About Those Evil Speculators
A favorite meme has been that commodity prices have been driven up by the activity of "speculators." I have tended to be a bit dubious, particularly in the case of oil, where not a lot can be conveniently stored, but the Washington Post's David Cho tracks some speculators to their dens. Who are they? We have met the enemy, and the enemy is us. Or at least our pension funds.
Soaring fuel prices that are burning a hole in the wallets of consumers are not only benefiting oil companies and Middle Eastern producers. They are also lighting up the investment returns of pensions funds, which millions of ordinary Americans are counting on for their retirement.
California's public employees' pension fund, the world's largest, made its first investment of $1.1 billion into oil and other commodities early last year, and since then, Calpers has seen it soar 68 percent. Fairfax County pension managers have enjoyed a 61 percent return from a similar move over the past 12 months, far outpacing any other segment of the fund's portfolio.
"Our commodity investment has really helped," said Robert L. Mears, executive director of Fairfax County's Retirement Administration Agency. "This year would have been a lot worse."

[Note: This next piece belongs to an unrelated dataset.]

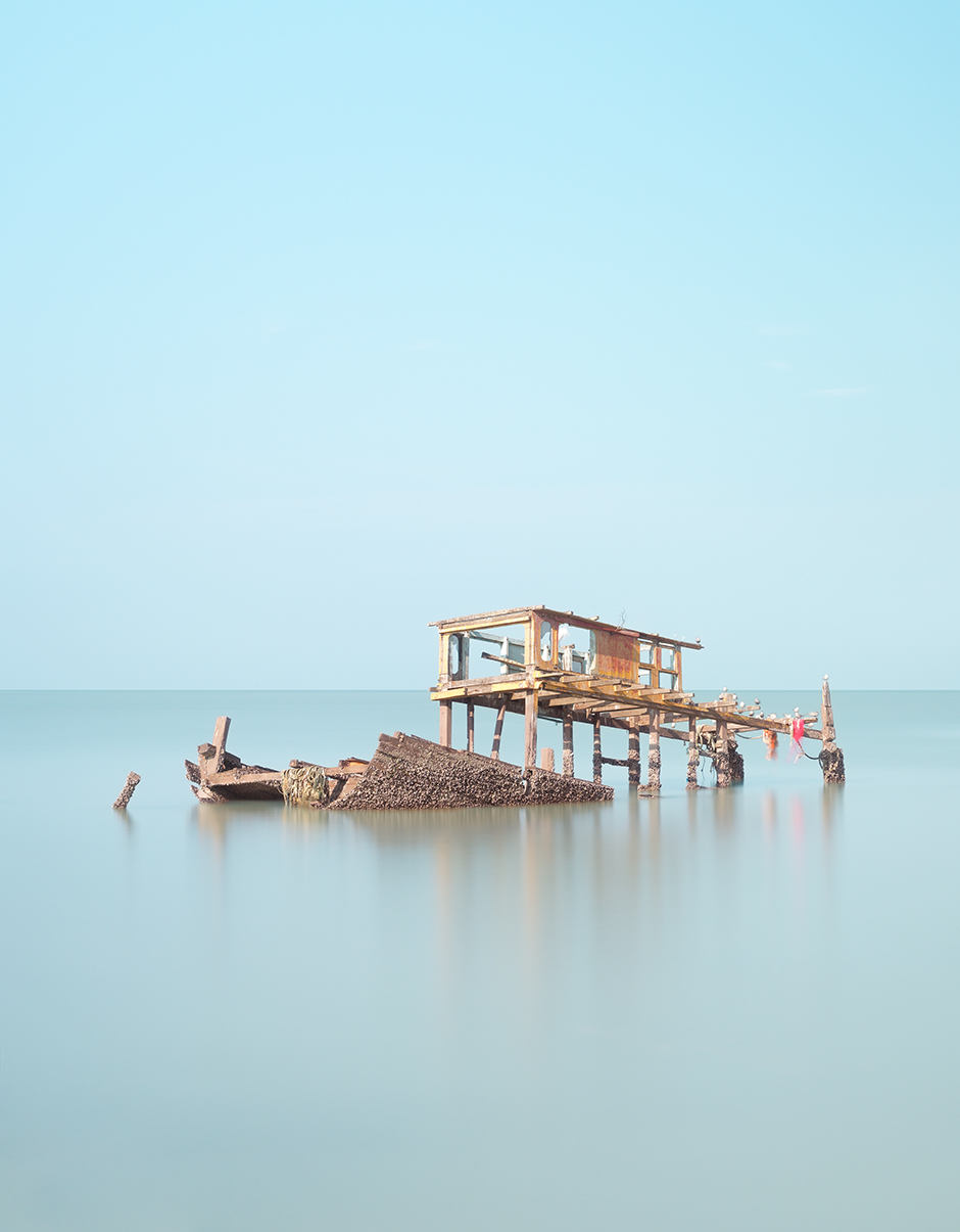 把在亚洲沿岸不同的地方拍摄的照片整理成了照片故事。 与透明的海和天空融合在一起的人类世界,在虚构的空间中和自然很好地共存着。 照片主要是在涨潮时拍摄的。 大部分都是在阳光明媚,是给我的照片添加柔和色调的下午拍摄的。 为在阳光当照期间,得到2分钟的曝光时间,我使用了2个ND滤光片(Singh-Ray Vari-ND Circular Variable Neutral Density滤光片和Singh-Ray Mor-Slo 5-Stop Solid Neutral Density滤光片)。

Other pension funds are rushing to get in on the action as the prices of oil, precious metals, corn, uranium and other vital goods continue to reach record highs. Montgomery County officials are in the process of shifting 5 percent of their $2.7 billion pension fund away from stocks and into commodities.

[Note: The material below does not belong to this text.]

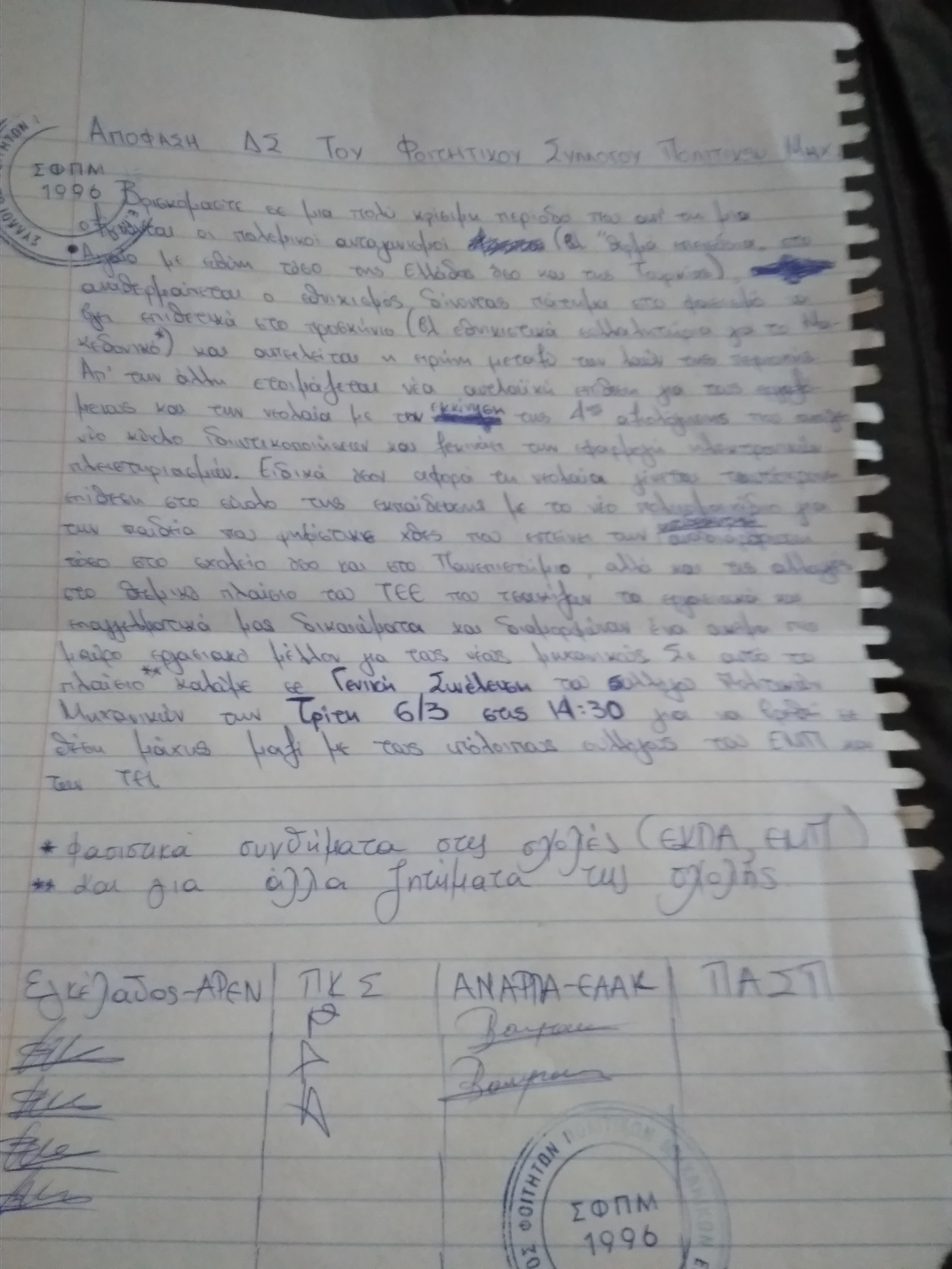 Εδώ ανακοινώνονται οι διεργασίες των θεσμικών οργάνων της σχολής και σχολιάζεται η δραστηριότητα και το αποτέλεσμά τους.

These funds are part of a tidal wave of investment dollars that has flooded commodity markets in recent years and, critics say, contributed to the run-up in prices.

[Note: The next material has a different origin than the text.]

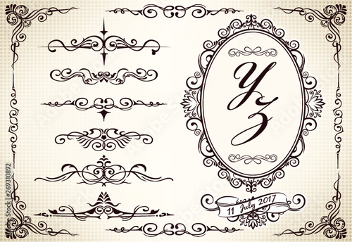 Ornate Retro Labels Flourishes Elements Calligraphy Swirls Corner Ornaments And Frames Wall Mural Katyakatya
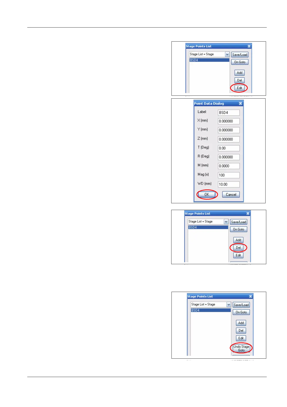 5 To delete a stage position, mark the position

Pension fund managers are playing with Other People's Money and are charged, usually, with putting prudence first in such bets. Notoriously volatile commodities hardly fit that bill.
The investments can be very attractive because there are only light restrictions on whether they can be bought and sold using borrowed money. While risky, this can produce enormous returns.
For decades, trading commodity contracts was considered taboo by most pension funds because the market is so volatile and risky. Most fund managers relied on their stock and bond investments to enlarge their pools of retirement money.
That changed after the stock market crashed in 2001. Fund managers realized they needed more diversified portfolios that would perform well regardless of whether stocks did. At the same time, new financial products simplified trading by allowing big funds to buy into commodity indexes, which work like mutual funds, that were run by Wall Street firms, mainly Goldman Sachs and Morgan Stanley.[my italics]
Oh shit! Now I know where I've seen this movie before. How many times do we need to show it before we start to get the point?
Not to worry though, the Bush Administration is on the case:
Even as rising prices translate into staggering increases at the grocery store and at the pump, some regulators, including Treasury Secretary Henry M. Paulson Jr., say investors are not to blame.
Market magic will save the day. Or not. At any rate, his former minions at Goldman Sachs will probably do OK.